Spotting another UTV coming up the trail, we pulled over to let them pass. Not being in a hurry, this couple stopped a minute to get acquainted. We have met the nicest people on the trail.
When I asked where they were headed, he said, “We don’t know.” They were just out enjoying the backcountry. Before continuing their ride, they told us about a cabin and a waterfall that we knew nothing about. We set out to see them for ourselves.
We found the cabin perched on the side of the mountain at the 9,000-foot level. Referred to as the John R. Nielson cabin, it was built in 1949 as a hunting and recreational property on public land. It is now open to the public by reservations made at the city building in Manti.

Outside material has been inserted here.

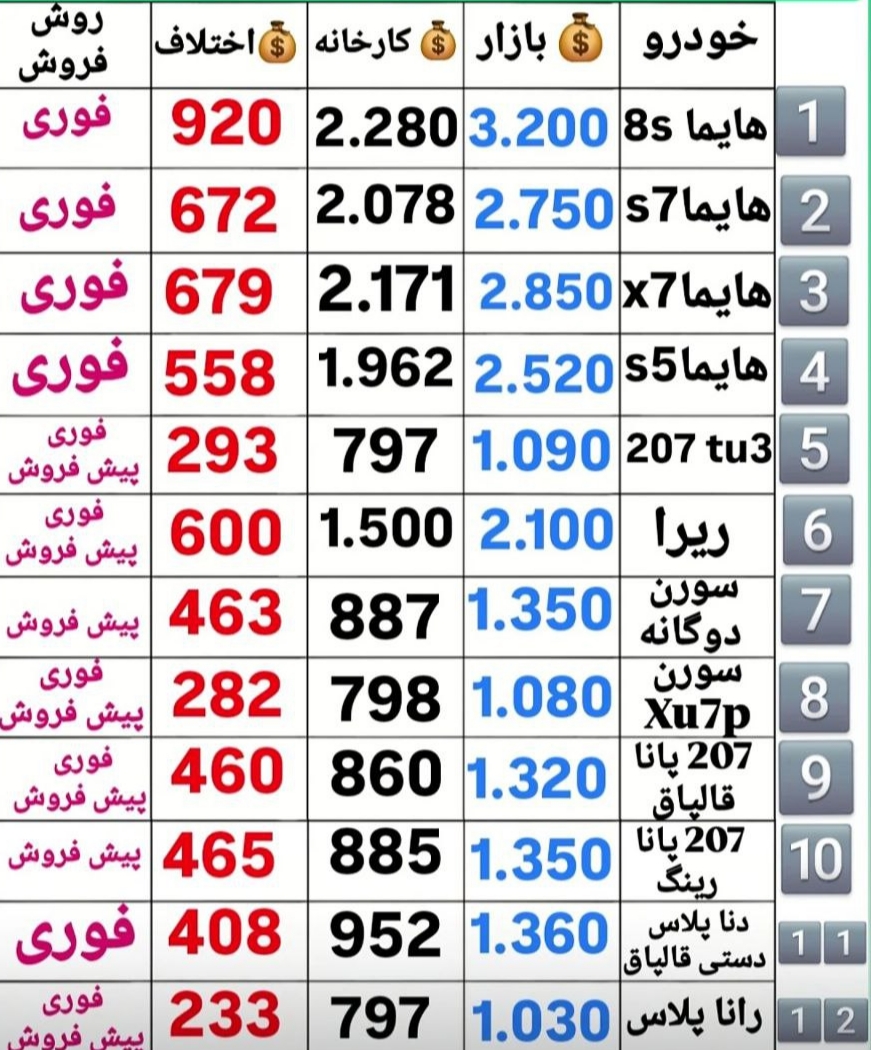 بر اساس جدول ارائهشده در تصویر دوم، اختلاف قیمت برخی خودروها به صدها میلیون تومان میرسد. این اختلاف، دلیل اصلی جذابیت ثبت نام جدید ایران خودرو است.

It is a real mountain cabin built with hand tools because of its remote location. We chose to eat our lunch on the roughhewn logs that made up a picnic table in front which overlooks the canyon.
While we were there, the descendants of the cabin builders arrived and invited us to take a look inside. It is about as cozy as a storybook cabin could be. We enjoyed talking with them and then continued on our ride.
We found the waterfall we had learned about high up on the side of the canyon to the north. We would have missed it, but the people we had met showed us a photo they had taken with their phone so we knew where to look.
We came out on a trail marked No. 37 which took us down into Ephraim. We got gas at the Maverik and headed back to Manti finishing a ride of about 50 miles.
I am happy to say that the Worthen’s really enjoyed the adventure. When you go, take plenty of water, keep the rubber side down, and if you have a four-place UTV, you could be a part of someone’s anniversary present.